» Data listing
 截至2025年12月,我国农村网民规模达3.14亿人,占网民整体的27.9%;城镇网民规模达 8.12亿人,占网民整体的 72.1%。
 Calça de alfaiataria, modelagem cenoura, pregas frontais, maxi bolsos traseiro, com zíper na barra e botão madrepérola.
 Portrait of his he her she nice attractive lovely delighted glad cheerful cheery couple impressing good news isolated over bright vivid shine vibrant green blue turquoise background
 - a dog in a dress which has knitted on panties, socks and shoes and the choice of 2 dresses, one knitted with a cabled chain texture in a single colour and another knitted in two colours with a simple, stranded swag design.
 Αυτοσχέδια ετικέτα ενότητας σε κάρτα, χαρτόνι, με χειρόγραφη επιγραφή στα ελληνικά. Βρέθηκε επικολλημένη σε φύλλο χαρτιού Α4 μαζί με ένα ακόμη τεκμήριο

==

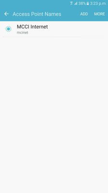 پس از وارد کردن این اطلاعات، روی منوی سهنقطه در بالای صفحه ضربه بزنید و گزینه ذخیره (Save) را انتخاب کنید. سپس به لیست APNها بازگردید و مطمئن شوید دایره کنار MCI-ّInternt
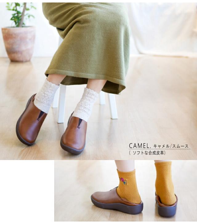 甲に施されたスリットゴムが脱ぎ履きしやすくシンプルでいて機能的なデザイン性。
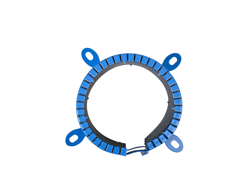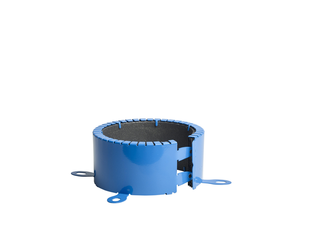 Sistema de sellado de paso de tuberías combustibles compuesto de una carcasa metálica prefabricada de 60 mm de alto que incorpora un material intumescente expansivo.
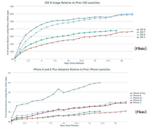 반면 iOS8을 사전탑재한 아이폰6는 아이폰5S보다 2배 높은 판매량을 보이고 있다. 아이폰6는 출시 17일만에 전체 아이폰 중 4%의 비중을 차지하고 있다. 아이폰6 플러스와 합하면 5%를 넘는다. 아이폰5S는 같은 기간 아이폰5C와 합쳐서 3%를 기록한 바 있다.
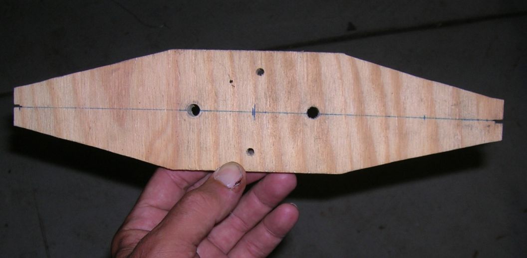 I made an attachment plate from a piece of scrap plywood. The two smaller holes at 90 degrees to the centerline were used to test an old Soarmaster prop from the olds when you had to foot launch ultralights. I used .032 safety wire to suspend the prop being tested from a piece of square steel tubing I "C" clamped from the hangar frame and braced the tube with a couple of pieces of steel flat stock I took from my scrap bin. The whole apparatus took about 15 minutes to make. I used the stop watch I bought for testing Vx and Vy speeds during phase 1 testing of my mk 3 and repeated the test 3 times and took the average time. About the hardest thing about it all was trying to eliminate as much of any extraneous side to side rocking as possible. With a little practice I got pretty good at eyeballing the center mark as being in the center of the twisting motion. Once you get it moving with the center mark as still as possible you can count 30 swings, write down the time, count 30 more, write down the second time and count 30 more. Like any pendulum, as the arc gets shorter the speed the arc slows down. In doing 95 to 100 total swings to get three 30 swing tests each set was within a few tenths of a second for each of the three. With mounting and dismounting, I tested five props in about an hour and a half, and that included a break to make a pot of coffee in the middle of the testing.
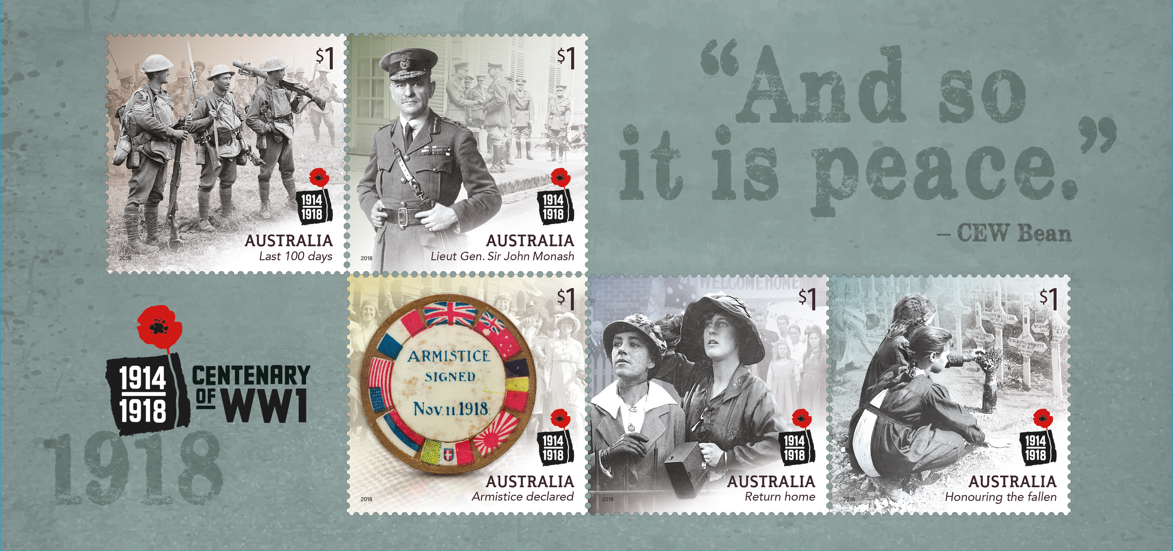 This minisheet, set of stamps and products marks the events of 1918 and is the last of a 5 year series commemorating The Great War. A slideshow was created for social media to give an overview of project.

---

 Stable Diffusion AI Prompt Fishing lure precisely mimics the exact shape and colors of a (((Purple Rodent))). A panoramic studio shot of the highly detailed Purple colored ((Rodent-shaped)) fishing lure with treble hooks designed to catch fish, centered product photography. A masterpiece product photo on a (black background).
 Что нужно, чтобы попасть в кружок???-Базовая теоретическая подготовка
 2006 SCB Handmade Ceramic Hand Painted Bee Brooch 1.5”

» Work task
Working from the data above, extract solely the lines from the one containing "Portrait of his" through the one containing "- a dog in a", exactly as they appear, both included.

» Problem solution
 Portrait of his he her she nice attractive lovely delighted glad cheerful cheery couple impressing good news isolated over bright vivid shine vibrant green blue turquoise background
 - a dog in a dress which has knitted on panties, socks and shoes and the choice of 2 dresses, one knitted with a cabled chain texture in a single colour and another knitted in two colours with a simple, stranded swag design.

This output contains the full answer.